I have long since felt an indifference towards New Year's eve though I am not entirely sure why. I've always felt a bit down and mopey on the night.
Now, I am afraid I am beginning to habour similar feelings towards Christmas. I did get into the festive mood on occasion but largely I have found it to be more of a chore this year...finding gifts, wrapping gifts, the usual things you are supposed to do at this time of the year...My heart just was not in it.
This is our second Christmas without Patrick and it has been much tougher than the first. Perhaps having Eoghan helped soften that blow of facing special occasions like this without Patrick last year.
But as cute as he is, Eoghan was never going to be able to shield me from this forever.
Truth be known, I ve been miserable. And feeling very guilty about it, too.

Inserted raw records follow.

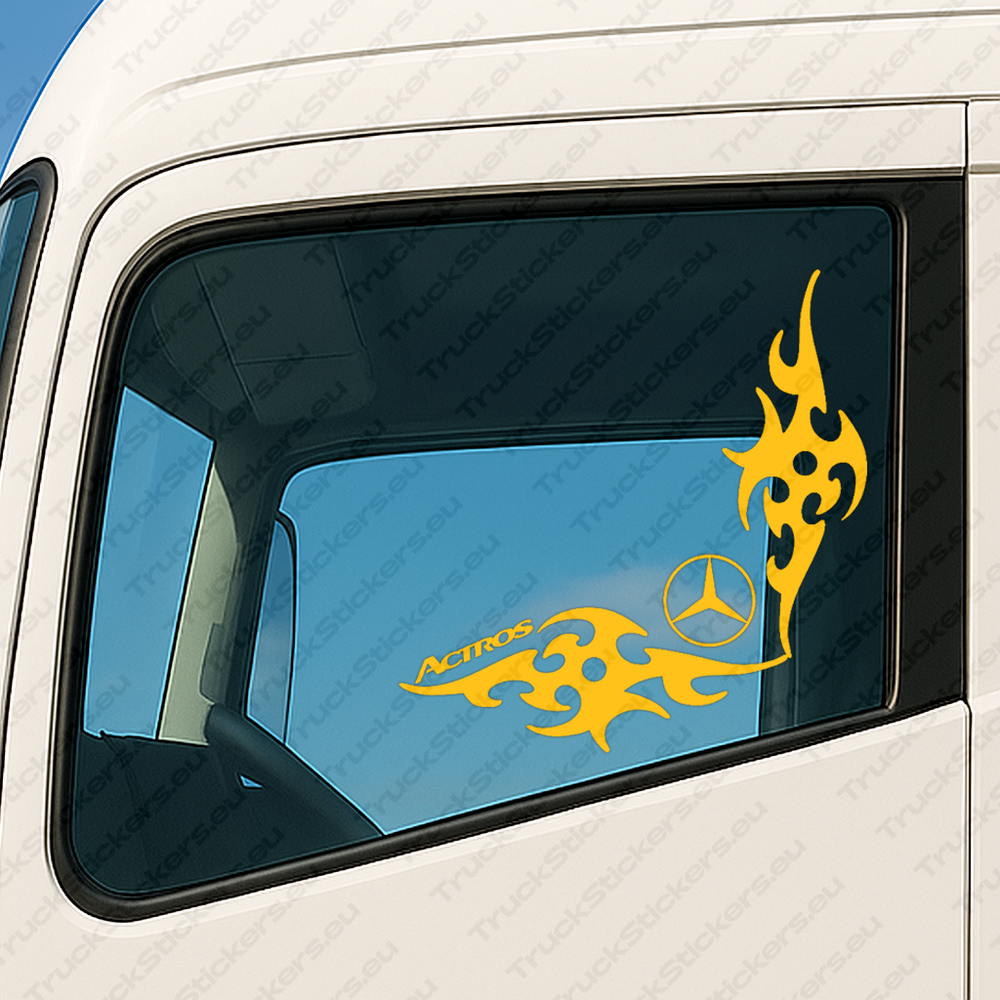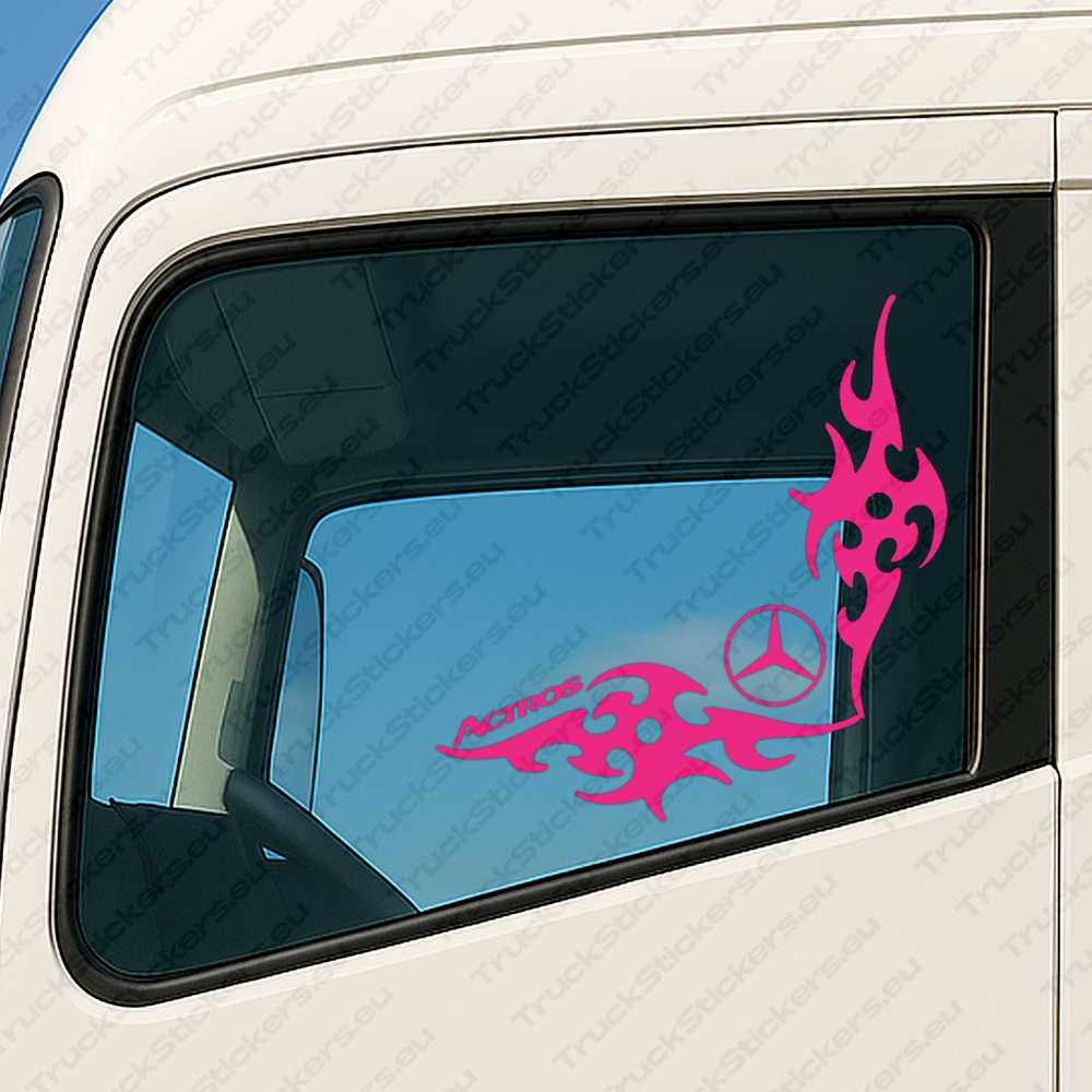 Mercedes Pegatinas para Ventanas de Camión 90753 – Actros Con Logotipo Clásico Y Gráficos De Olas Dinámicas – Set de 2
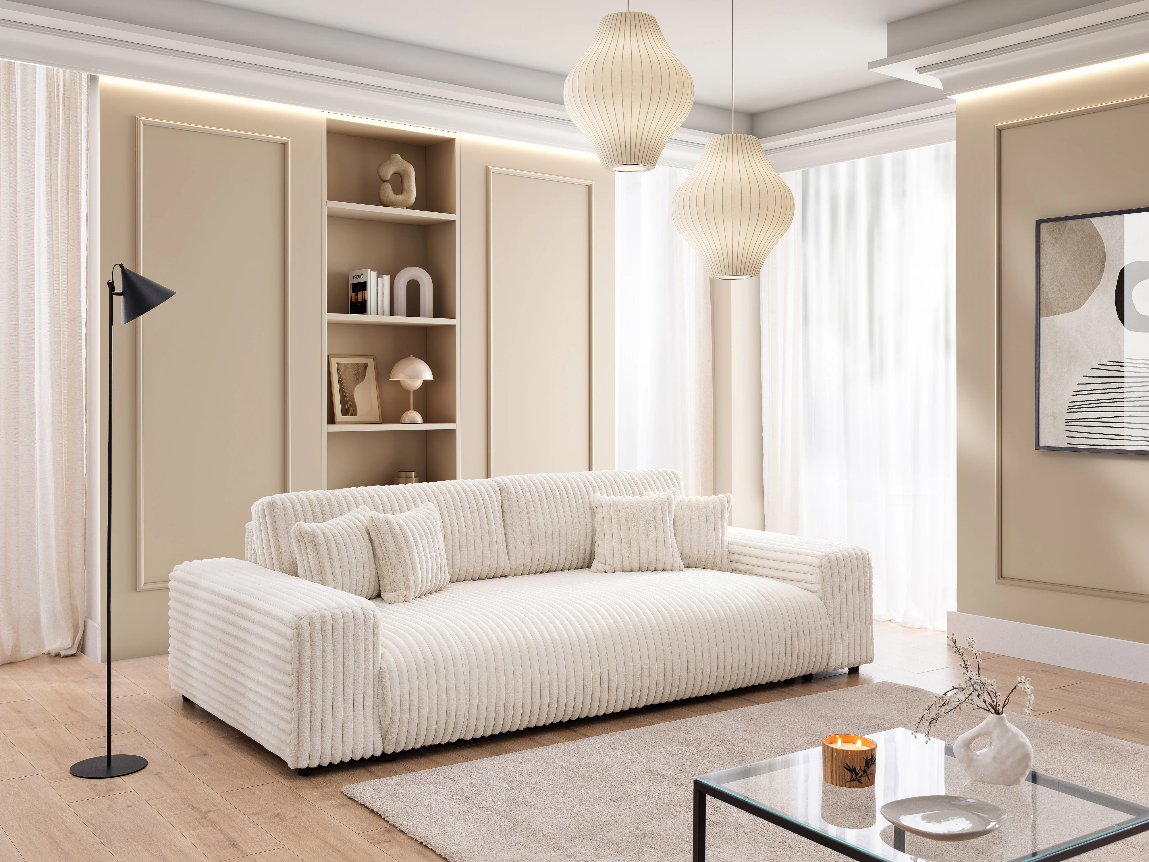 Canapé avec fonction couchage et coffre de rangement en velours côtelé pelucheux beige clair MOLLIS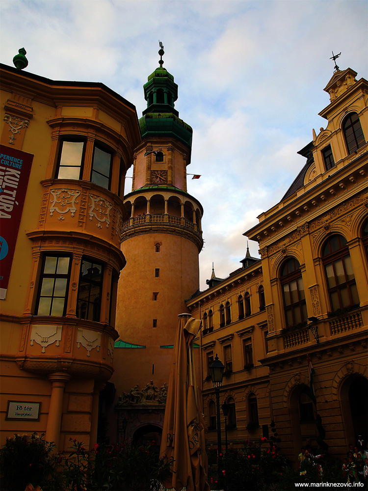 Slike Vatrogasnog tornja (12. st.),franjevačke “kozje”crkve (13. st.) i stupa Sv. Trojstva (18. st.).

Because I know we have a lot to be grateful for. Thankfully, I am still able to see that. I am glad that the cat turned up eventually. As we got him just as we were expecting Patrick, and because we have seen him bond with Patrick and not leave the room the night of the wake, we are extremely, extremely attached to Tipoki.
So I know I should concentrate on those small things but sometimes it is not as easy to just go and do what you know you should.
It has been difficult for me to figure out how to best include Patrick in the festivities because I would hate for him to be slipping from peoples minds especially at this time. There are things we do already, like our family photo decorations on the tree and visiting the grave Christmas Day. But somehow I feel this is not enough and he deserves more.
As one of my very thoughtful friends pointed out, there are so many gifts being given...Patrick should have one too and placed on his grave. So maybe we should get him a small gift every year. And make sure Santa brings one to Eoghan from Patrick, too so that, while they were not allowed grow up with each other, a bond of sorts will be forged...
I am sure we will find our way on this path yet but it is proving bloody difficult.
They say the second year is much harder than the first. Boy, do I hope that is true.